For what it's worth, I also stumbled across this website. http://www.housefairy.org
I haven't tried it, so I can't say whether or not its any good...but when it comes to cleaning up, I think we'll try ANYTHING!

Good luck, and if you have any success, POST IT!
It's more of a shift in the parent's attitude than the kids at first. If a person appears grumpy about cleaning, the kids will pick up on that and immediately assume that cleaning is a real bummer. If you hear yourself complaining about something needing cleaned, everyone else hears the complaining too. If YOU obviously don't want to do it, there's a good chance that your kids won't be overly excited about it either. Complaining leaves a bad vibe in the air—not a good selling point.

If a parent makes something sound like a really big deal, it becomes even bigger in a child's mind. If it's a big, negative deal, it may become even more negative for a kid. A positive attitude sets a much more pleasant stage for others to walk out on.
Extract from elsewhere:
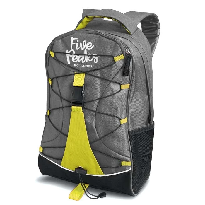 Sac à dos d’aventure en polyester 600D avec revêtement contrasté coloré et cordon de décoration sur le panneau avant. Poches en filet sur les deux côtés.
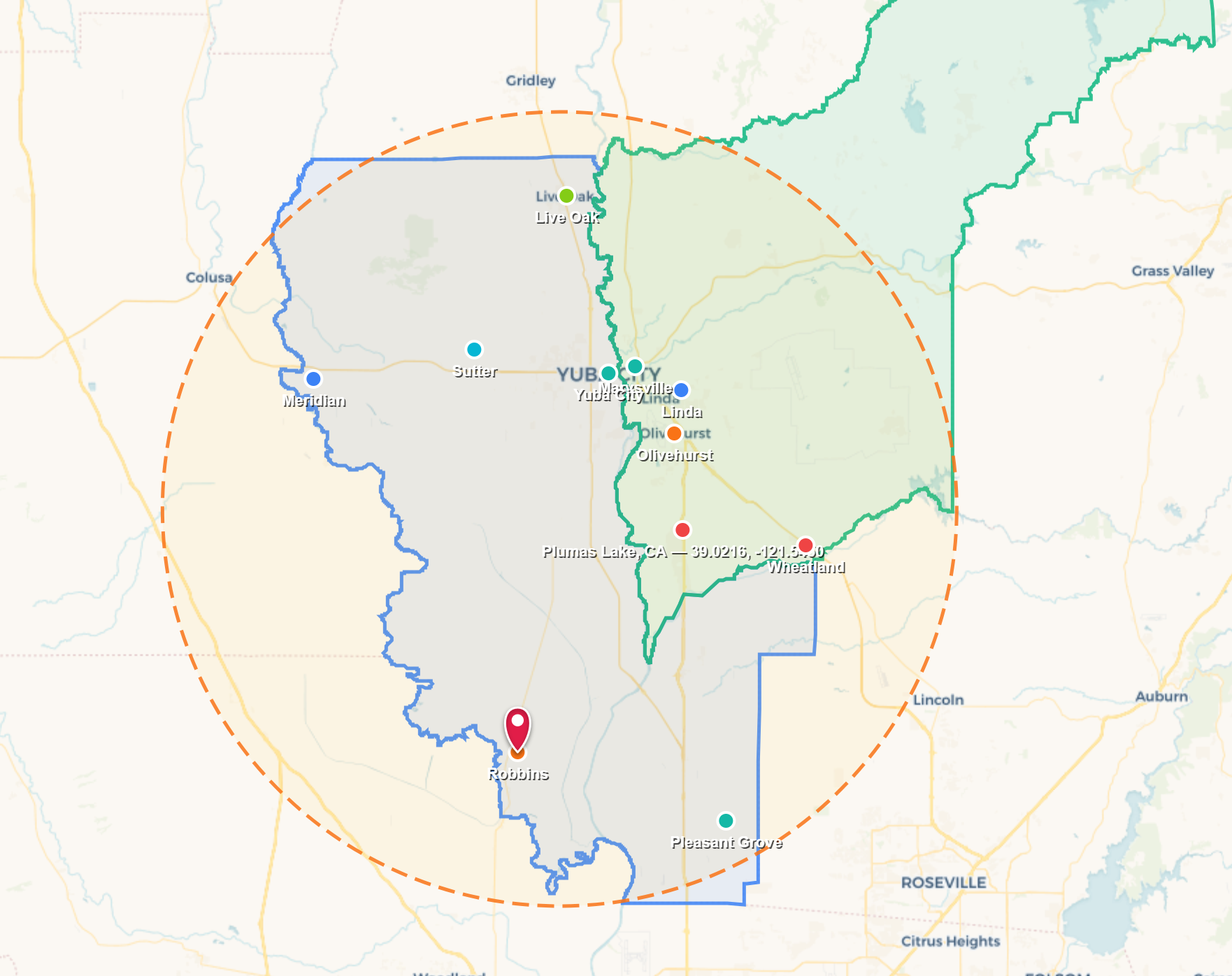 Robbins, CA, and all of Sutter and Yuba Counties

Set the example you would like others to follow.

There is definitely a transition period after a proclamation like "NO MORE CHORES" is given. For a kid it may be like being set free from prison, and for awhile they may want to push their newfound freedom to the limit. But slowly, cleaning and picking up will be no big deal, as long as the parents are not making it a big deal. My kids do a lot more picking up now than they did a couple of years ago, and there are more and more days when I get home and the dishes have been run, the counters are wiped down, and the house is almost....clean. Not everyday, but there are days when I don't want to do it either. And some days I don't. The kids have that same right.

Plan on doing most of the cleaning for awhile. Better yet, plan on doing ALL of the cleaning for awhile, and whenever someone else pitches in, you may appreciate it more. Try not to look at it as "I have to do it all!", because you don't have to do it all. There's always a choice. If you don't feel like cleaning today, then don't. Will the house get messier? Yup. Is it a big deal? Shouldn't be. During "de-choring" your house is going to be messier. It's a fact. But little by little things will change, and you will notice things getting done that you didn't have to do and didn't have to demand done. It won't happen overnight. It probably won't happen in three months. It may not happen in the first year if a parent walks in day after day, exasperated with the fact that a room isn't clean and tidy. When you say to your kids, "hey, why didn't you clean that up?", the first thing that may go through their minds is, "well why didn't you?" It works both ways.

Cleaning doesn't have to be a big deal. Don't make it a big deal and your kids may be more inclined to follow in your footsteps.
We try and make things a game. I will say "I bet I can clean the living room up before you get your room picked up!" My kids go crazy. They love it and forget about the work. I do think that when there is too much to pick up, a preschooler gets overwhelmed. So, sometimes you have to break down the process into - pick up blocks, then pick up cars, etc. I do feel it is extremely important that children from 18 months on help with clean up in even the smallest way.